So what I’m trying to say is if you believe in evolutionary assumption you start to develop all of this higher criticism and you start to second guess things in the Bible.  So what happened is we started sending our best and brightest future scholars, future theologians, future pastors over to Europe to get this training and our best and brightest didn’t necessarily buy into everything they were taught but they brought back a little piece of it here and there.  So I can’t find a single verse in the Bible that says to qualify to teach believers you’ve to go sit under unbelievers for five years or however long.  So what happened is they brought back little pieces of liberalism here and there and you can’t sit in an unbelieving environment for a long time and have it never affect you.  So that’s why when you’re choosing an institution to study under you should choose very carefully because there’s going to be some impact on you;  you can’t be in that environment that long without it affecting you at least a little.

So they came back into the mainline denominations and they started to say things that the laity think well, that doesn’t sound right, and so what started in the mainline denominations, this takes you to about 1920, and it’s what’s called The Fundamentalist-Modernist Controversy.  And the Scopes Monkey Trial, you remember that from history, was happening around the same time which kind of expedited or intensified the conflict.  But there was an actual theological war that took place in these mainline denominations in what are called the Seven Sisters.

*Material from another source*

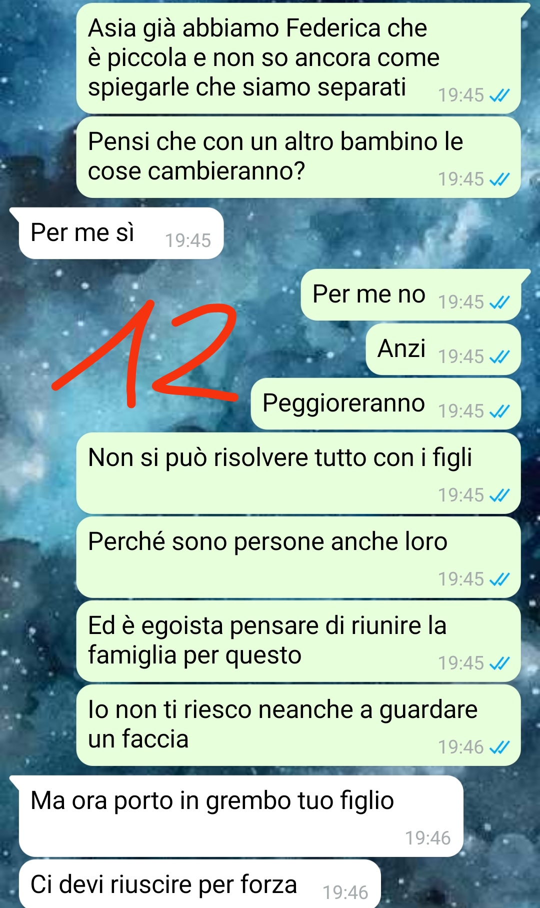 La relazione tra Gianluca e Asia, dopo la separazione, era caratterizzata da un distacco emotivo da parte di Gianluca, che trovava difficile persino comunicare con lei. Tuttavia, un cambiamento sembra essere avvenuto qualche mese fa, quando Asia gli ha inviato alcuni messaggi. Gianluca non specifica il contenuto di questi messaggi, ma lascia intendere che hanno segnato un momento significativo nella loro interazione post-separazione.

And there was a famous sermon preached during that time period by a guy named Fosdick, I think his first name was Harry, middle name was Emerson, Fosdick, and he preached the famous sermon called Shall The Fundamentalists Win?  In other words, we’re not going to let the fundamentalists control these mainline denominations.  So what happened is there’s this conflict that goes on and guess who lost?  We lost, I mean, if we didn’t lose we would still be meeting in the mainline denominations, right?  So when you lose a battle like that there’s always a cost, so we lost libraries, we lost buildings, we lost universities, we lost endowments.  And see people mock our side of the ledger, they say well, you fundamentalists always meet in these store-front buildings, you don’t have the big steeples and stained glass windows.  Well, there’s a history there that explains why we’re not meeting in the well-endowed buildings of modern day Christendom.

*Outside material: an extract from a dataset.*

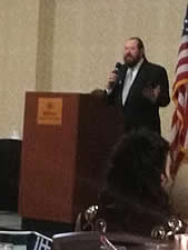 Master Winokur display Pioneer Award, pic He is giving his speech to banquet participants

And one of the things that started to get denied during this time period was the bodily substitution­ary death of Jesus Christ.  So what they started to say, coming from the influence of Europe into the mainline denominations is this is how you could recognize if you were sitting in a conservative church or a liberal church, is you would basically what are they teaching about the bodily penal substitution of Jesus Christ?  And they started to present Christ as—well, He died on a cross to be an example for us.  Now that’s partially true, He is an example, but that’s not why He died on the cross if you’re looking for a complete reason.  Or He died on a cross to teach us to work harder.  Or He died on a cross to help us to love our fellow man.  And all of these definitions are missing why He died on the cross.  He died on the cross as my substitute.  That’s why we call it the vicarious… now you now the word vicarious, right—in the place of somebody else.  So if  you’re saying someone is living vicariously through me you’re saying they’re living their life through me.

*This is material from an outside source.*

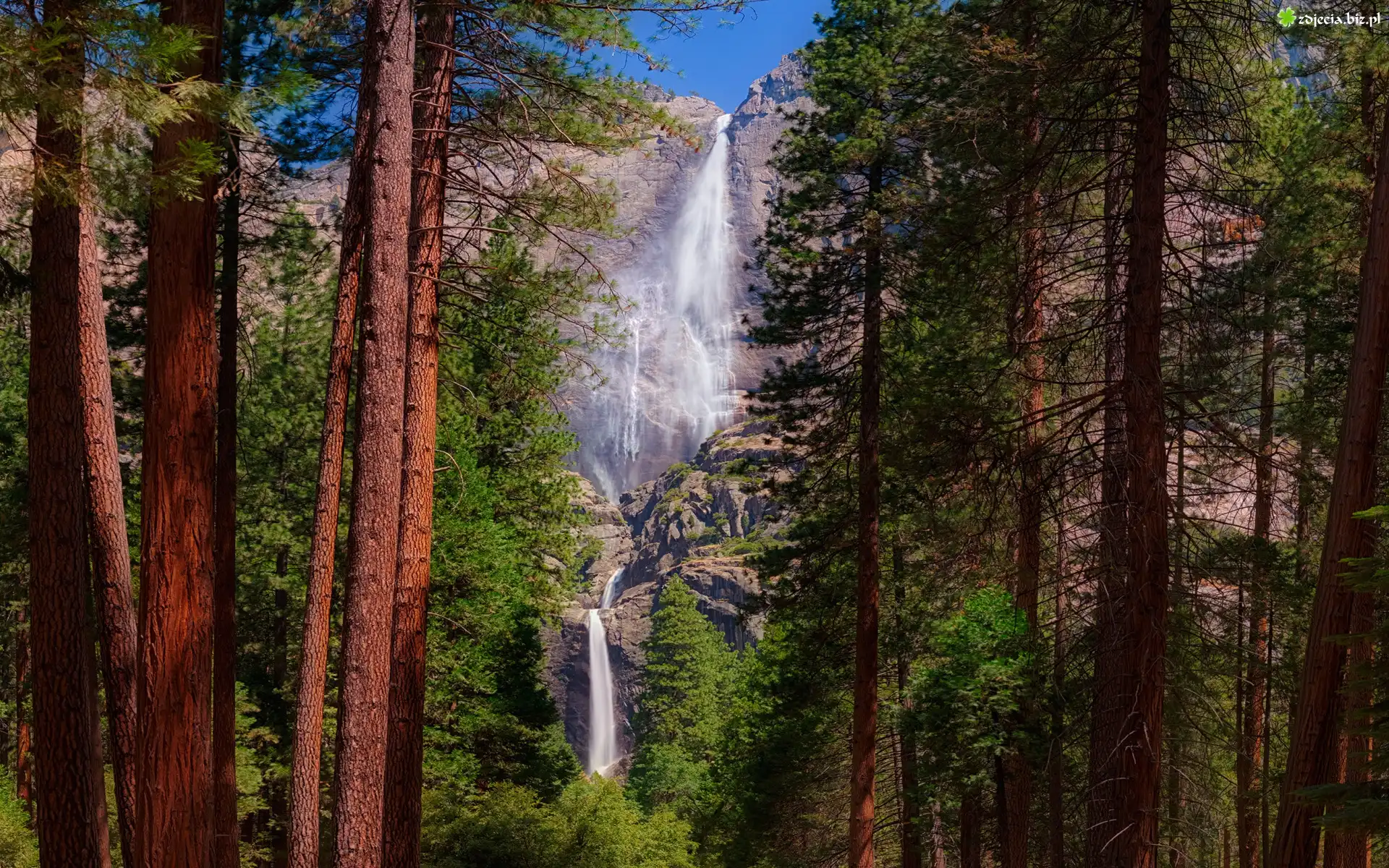 Zdjęcie Park Narodowy Yosemite, Wodospad Upper Yosemite, Drzewa, Kalifornia, Stany Zjednoczone

So you recognize the word “vicarious.”  You recognize the word “penal” as in punishment, that’s why we have in the legal system a penal code, a punishment. So vicarious penal substitution is the correct definition of the atonement.  And if a preacher or a teacher or a theologian was either denying or not emphasizing the vicarious penal substitutionary atonement of Jesus Christ you could recognize that you’re under a ministry that may be corrupted because of higher criticism coming from Europe.

Around that same period of time there was a guy named R. A. Torrey, and others who started to fight back and saw that our side, fundamentalism, was losing. And today even that word “fundamentalism” is a put-down.  Today if you use the word fundamental they’re basically making you out to be a member of the flat earth society.  But that’s not the way the word fundamentalist originally arose.   Fundamentalism, what does that really mean?  It’s someone who believes in the fundamentals of Christianity; that’s what a fundamentalist is.

So every discipline has its fundamentals, doesn’t it?  In fact, when I do some flying, later on this year, I hope the pilot is a fundamentalist and I hope he believes in the fundamentals of flying, because the gas tank has to be filled up with gas before you launch off, that he’s looking at his compass  and taking the numbers literally.  I don’t want to get in an airplane with someone that’s not a fundamentalist in the area of flying.  So being a fundamentalist, although it’s a put-down today that’s not the way the term originally arose.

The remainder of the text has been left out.